She was a fool. Running away from them like a frightened cat. She had refused to let her tears and her sadness be seen from her friends, she didn't want to show them how heartbroken she truly was. Because Quinn never went better. Her heart had been shattered and, even with all the love and the care someone could give, her mind would still be fissured.

She had tried for years to lie to herself, to pretend to be okay and be better. She had showed to the people around her she cherished deeply for everyone, she had let it slip as a matter of fact she was a shy but gentle girl who would never anger herself.

But none of that was true. She had hidden her true self to anyone she knew would be miserable if they knew the truth. But there was always a hint of sadness mixed with ire in her heart. She couldn't - and wouldn't, forget the event of that dire day of May. It was then that her life changed for the worst, that moment she saw the depth of human cruelty. Quinn had created with the year that followed an emotional mask, one who would hide anything she saw as cruel to be shown. And it at hold until now ; if we didn't count the old Boy who had seen her as who she was for real.

Old Boy, she mused, smirking. The surname she gave for the only person who truly thought of looking underneath the underneath.

For a queer reason, when she had first met him, that name came first in her mind, as if echoing on a long time forgotten memory. But she had never met her before, as it was only two years after the destruction of the city and before, back when she was still with her parents, she never went into the forest.

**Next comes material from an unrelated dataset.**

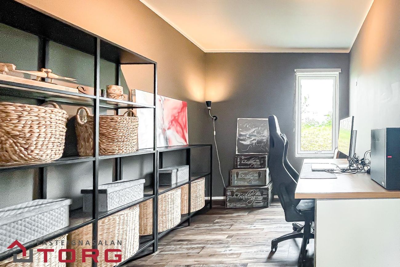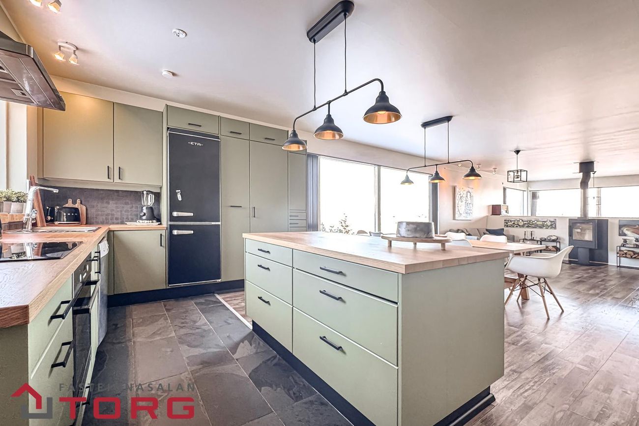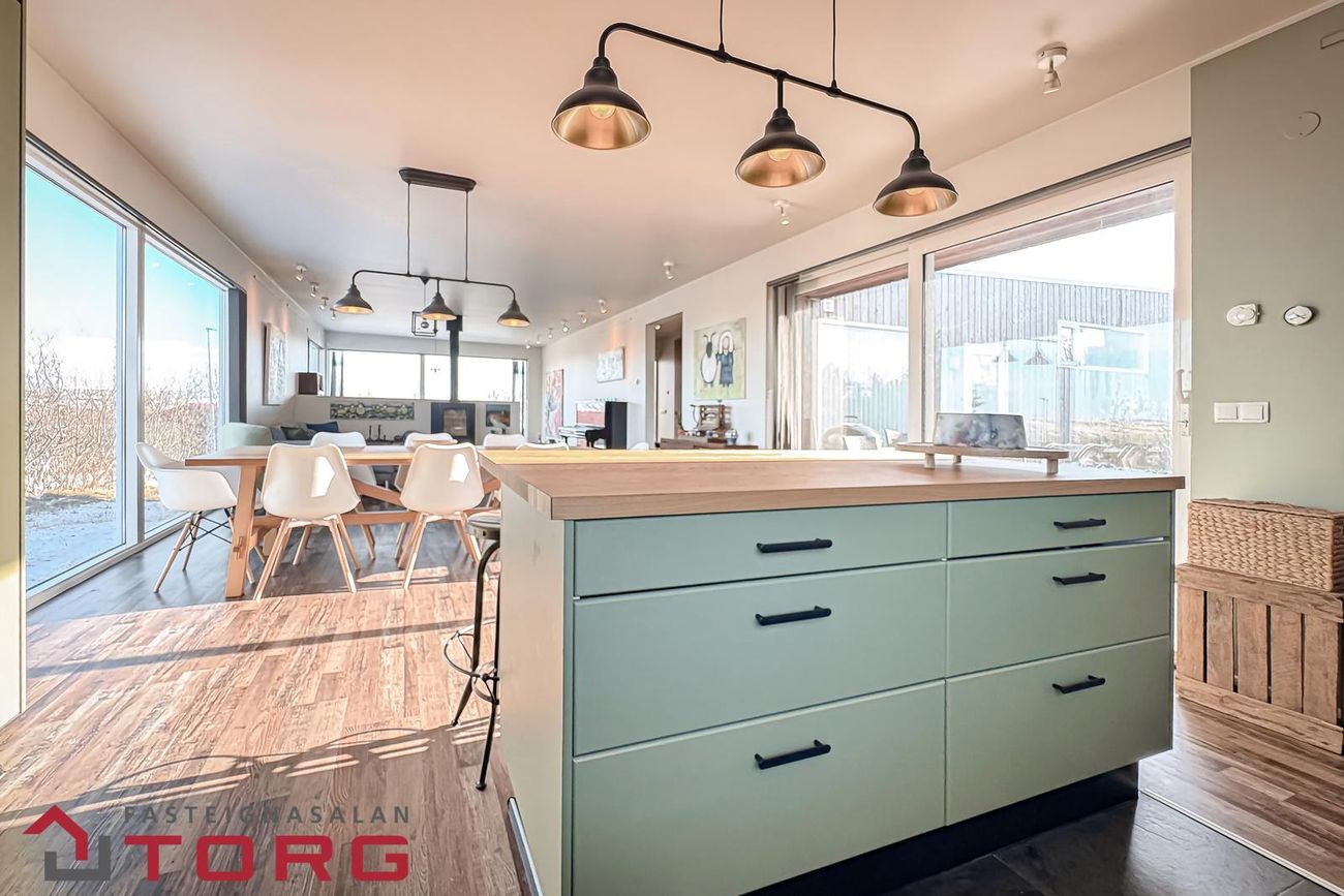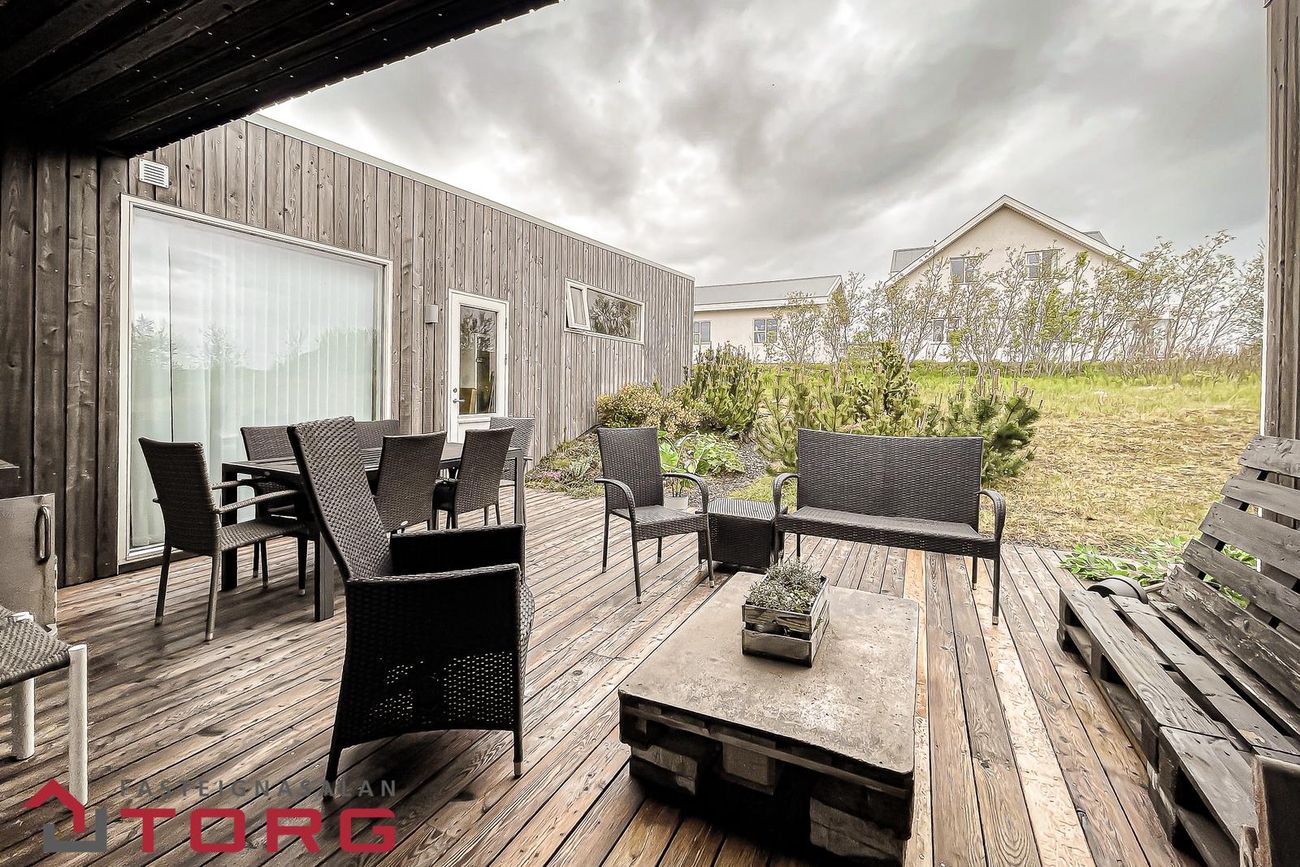 Opið alrými með kamínu, samliggjandi setustofu með aukinni lofthæð og stórum gluggum. Útgengi á timburverönd.

Drying with shivery hands her unstoppable tears, she tried to remember all the good memories she had from her time with her parents. Sitting down on the blossom tree, under the fuchsia leaves who flew with grace down on her amber hair, Quinn fell down into a deep sleep, rewinding her childish self and living again all the good souvenir she held preciously in her mind.

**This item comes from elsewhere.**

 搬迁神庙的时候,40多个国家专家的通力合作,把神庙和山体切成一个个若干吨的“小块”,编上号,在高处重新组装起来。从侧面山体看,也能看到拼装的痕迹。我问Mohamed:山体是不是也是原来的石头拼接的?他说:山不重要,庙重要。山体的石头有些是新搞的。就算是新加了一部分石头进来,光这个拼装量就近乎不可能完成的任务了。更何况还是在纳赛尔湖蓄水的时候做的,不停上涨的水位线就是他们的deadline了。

Mum and Dad was with me for my first day at school, she remembered with a smile, tears rolling even harden on her already swollen cheeks. They were so proud and happy, I can still see their faces and their smiles.

Even after surviving through so much, the look of her parents plagued her mind, looming even in her dreams or nightmares. They were always there, even after death, staying with their daughter and helping her with good thoughts in the most difficult periods of her life.

Mum had the brightest amber hair. She tied them often in a small bun . . . And Dad would have a necklace on his neck, he would never take it off.

The girl loved to remember her parents. She loved them as much as a daughter should. They were her dreams, her goal, her future. Whatever name she would call them, they would always respond to her calls, they would come back to her and promise they shall never leave her again. But now ? Where were their now ? She was calling them she was screaming their names, longing for comfort and love. But as much as she cried, as much as she pleaded, none of her calls were answered. Even on the top of a hill or in the depth of an underground cave, she couldn't find that same feeling of ease she felt when her mother and father were still around, with her. But Quinn wasn't stupid. She knew they were dead. And that dead people didn't answer the calls of the livings. But she also needed to hear their voice, just once at least...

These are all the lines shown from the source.